GIVEN DATA.

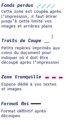 - La zone tranquille permet de préserver les information textuelles (mentions obligatoires, logos, etc..) lors de la coupe.
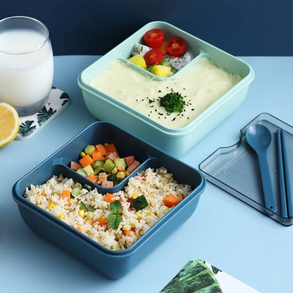 Ланч-бокс для студентов и офисных работников с посудой может подогреваться микроволновой печи
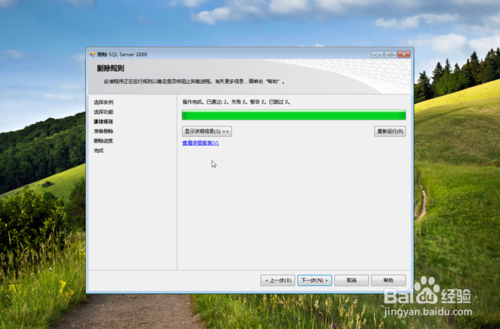 卸載程序會進行規(guī)則檢查,看是否符合卸載的條件要求,如果能夠卸載,點選”下一步“,就會出現(xiàn)要刪除功能的組件樹,如果沒有符合要求,比如說”需要重啟“什么的,就重啟一下電腦,再回到上面 第一步開始操作。此時,點擊”刪除“按鈕。
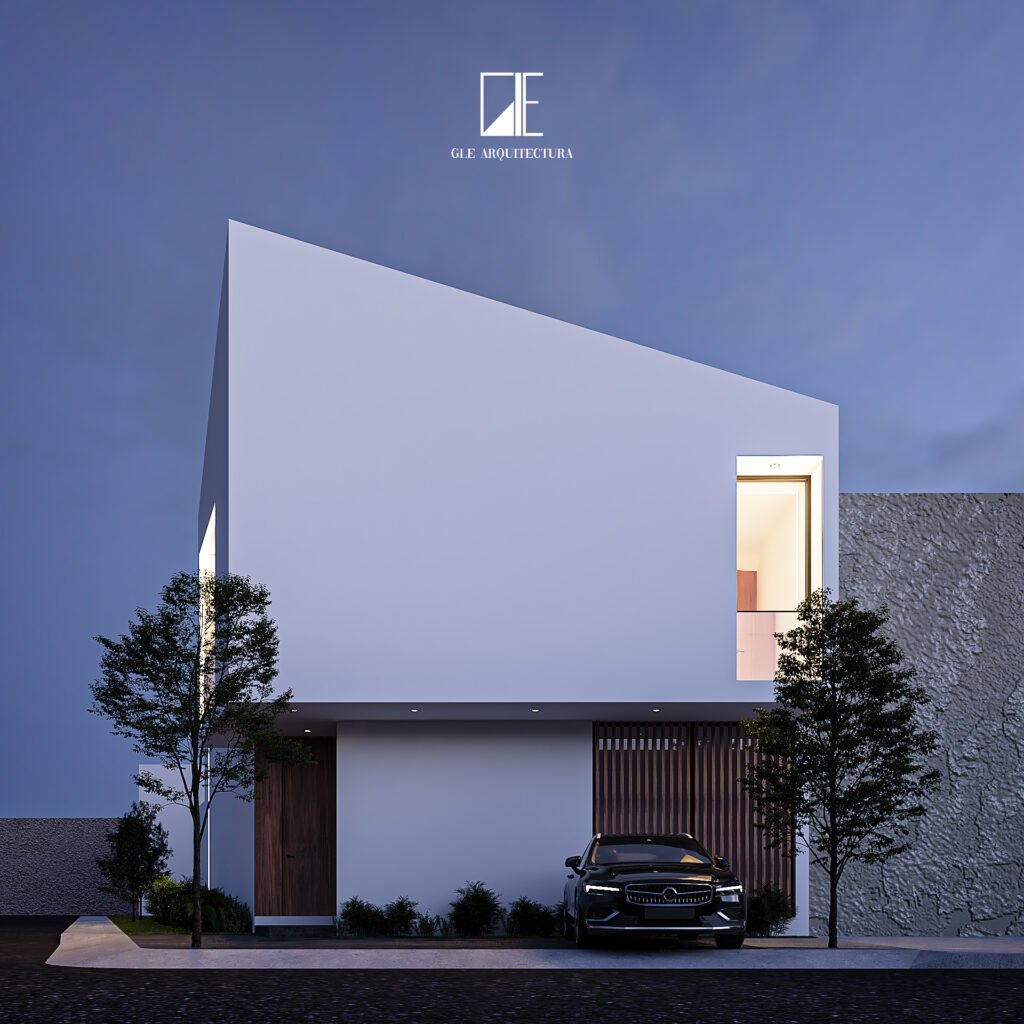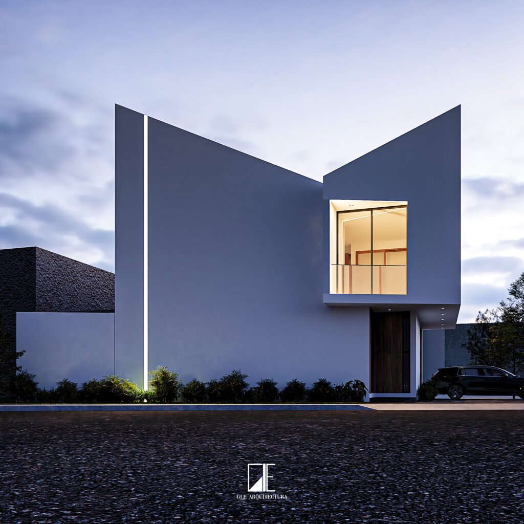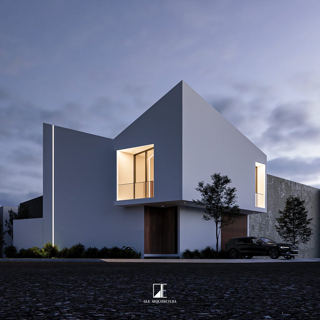 Los volúmenes sólidos, las líneas rectas y los grandes ventanales generan un juego de luz y sombra que resalta especialmente en iluminación nocturna, aportando elegancia y sofisticación. La combinación de materiales sobrios con detalles en madera crea un balance perfecto entre modernidad y calidez, logrando una casa con identidad propia y carácter atemporal.

ABOUT THIS TASK.
A word-for-word copy of the lines from the start of the listing through the line containing "Ланч-бокс для студентов" is the answer. Pictures stay out of it.

EXERCISE RESPONSE.
 - La zone tranquille permet de préserver les information textuelles (mentions obligatoires, logos, etc..) lors de la coupe.
 Ланч-бокс для студентов и офисных работников с посудой может подогреваться микроволновой печи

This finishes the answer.